Friday, April 6, 2012

~an Easter dessert & winners announced~

 If you love Cadburry eggs as much as I do, you will love these brownies!


Cream Egg Brownies

YIELD: 16 brownies
TOTAL TIME: 3 hours

Ingredients:

For Brownies:
2/3 cup flour
2 tablespoons dark or dutch processed cocoa powder
1/2 teaspoon salt
6 ounces milk chocolate, chopped
1/2 cup (1 stick) unsalted butter, cut into cubes
1/4 cup granulated sugar
1/2 cup light brown sugar, packed
2 large eggs, at room temperature, lightly beaten
1 teaspoon vanilla extract
For Cream Filling:
1/4 cup light corn syrup
2 tablespoons unsalted butter, room temperature
1/2 teaspoon vanilla extract
1/8 teaspoon salt
1 1/2 cups powdered sugar
For Glaze:
3 ounces milk chocolate, chopped
2 tablespoons unsalted butter, cut into cubes

directions:

Preheat oven to 350ºF. Line the bottom and sides of a 8-by-8-inch pan with parchment paper, leaving a slight overhang on two edges.
Sift together flour, cocoa, and salt in a small bowl and set aside.
Melt chocolate and butter in a double boiler or a medium-large bowl set over gently simmering water.

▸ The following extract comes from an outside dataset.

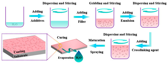 During the use of aquaculture network facilities, communities derived from the attachment of contaminated organisms to ship hulls make it easy for bacteria and parasites to breed, which will adversely affect the production of aquatic products []. A lack of resistance to biological attachment is one of the serious challenges faced by oceanfront equipment. Biological adhesion not only increases the maintenance cost of equipment, but also leads to equipment failure and corrosion failure. Coatings are among the most widely used methods for marine equipment maintenance. Traditional solvent-based antifouling coatings use organic solvents as dispersing media to prevent microbial attachment through the release of sterilizers in the coating system. However, the use of organic solvents consumes a lot of fossil energy, and organic solvents are harmful to the health of construction workers because of their volatility. In addition, the release of sterilizers causes pollution to the marine environment, and is more likely to accumulate in marine organisms, threatening the safety of humans who eat marine organisms. Sun [] grafted low-toxic structural compounds as sterilization factors onto the side chain of acrylic resin to control the hydrolysis of sterilization factors to achieve self-polishing of the coating. Compared with heavy metal copper sterilization factors they are green, but they are still toxic and still pose a threat to marine microorganisms. In order to solve this industry dilemma, researchers continue to innovate and devote themselves to the development of new materials and new technologies to realize new coatings that are environmentally friendly and anti-fouling.

Stir until smooth, then remove from heat. Whisk in sugars and stir until dissolved and mixture has cooled slightly.
Whisk in eggs and vanilla extract until just combined (do not over mix). Sprinkle flour mixture over top and fold in to chocolate mixture using a large rubber spatula until just incorporated. Pour into prepared pan.
Bake for 25 to 30 minutes or until toothpick inserted into the middle comes out clean. Transfer pan to a wire rack and allow to cool completely.
For cream filling, beat together corn syrup, butter, vanilla, and salt on medium-high speed until smooth. Add powdered sugar, a little bit at a time, mixing until creamy. Dump 3/4 of the cream mixture on top of cooled brownies and spread into an even layer. Add a drop of yellow food coloring to remaining cream mixture and stir until evenly colored. Drop dollops of yellow cream on top of white layer, and then swirl gently with a spatula. Refrigerate for at least 2 hours or until set.
Gently melt chocolate and butter together in a double boiler or a small saucepan set over low heat. Stir until smooth. Pour over cream filling, carefully spreading into a thin, even layer. Return to refrigerator and chill until set, at least 30 minutes, or overnight if possible (brownies are best when chilled overnight).
Remove brownies from pan using the edges of the parchment paper to lift the entire block out of the pan. Using a large sharp knife, cut into 2-inch squares. Brownies will keep, refrigerated in an airtight container, for up to 5 days.
{recipe found here}

Using Random.org I have chosen the winners for the Annie Sloan paint giveaway and the 3 winners for the Febreze giveaway!
If you are a winner please email me your shipping address.
lakeliving4@msn.com


The winner of the Annie Sloan chalk paint in Antoinette, 3 brushes, and 2 waxes can be found here.
And here are the winners of the Febreze giveaway:
here
here
and
here
xoxo

11 comments:

Tricia said...

You are the Devil. I mean that in the nicest way possible ; o )

Myplace4tea said...

Ooooo I love dessert! And These brownies look sooo good!
I will make them this weekend. Thank you for sharing, and happy Easter to you and your family. Enjoy!


Angela

Cheryl said...

I can't find the winners on the links I clicked on?
Cheryl

Anonymous said...

Those flowers are BEAUTIFUL!!

Heather

Pristine Cristine said...

Cadbury eggs are my favorite ;-) Now I don't have to wait for the Easter season to enjoy them! Thanks for the recipe.

Cristine

The Country Nest said...

What a cute idea to click on the blogs!!! The brownies look so so yummy.
Happy Easter,
Donna

Twinkle Terrior said...

Cream egg brownies? Pretty flowers? I'm in heaven! Love your blog and talent. GOd bless

Fancy said...

These look amazing!

live by the sun, luv by the moon said...

I am completely ignoring the recipe...clearing my mind of the yummy photos as I type. Why you ask? Well, I had to purchase 3...yes THREE sets of Cadberry eggs for my kids as I ate the first two sets! I MUST REFRAIN!

Anonymous said...

I have a question. Do you have to have a blog in order to win the giveaways? I've only been following you a short time, but I notice all the winners have a blog.

Thanks!

DELIGHTFUL CURIOSITY said...

THIS RECIPE LOOKS FABULOUS, I CAN'T WAIT TO TRY IT THANK YOU FOR SHARING!!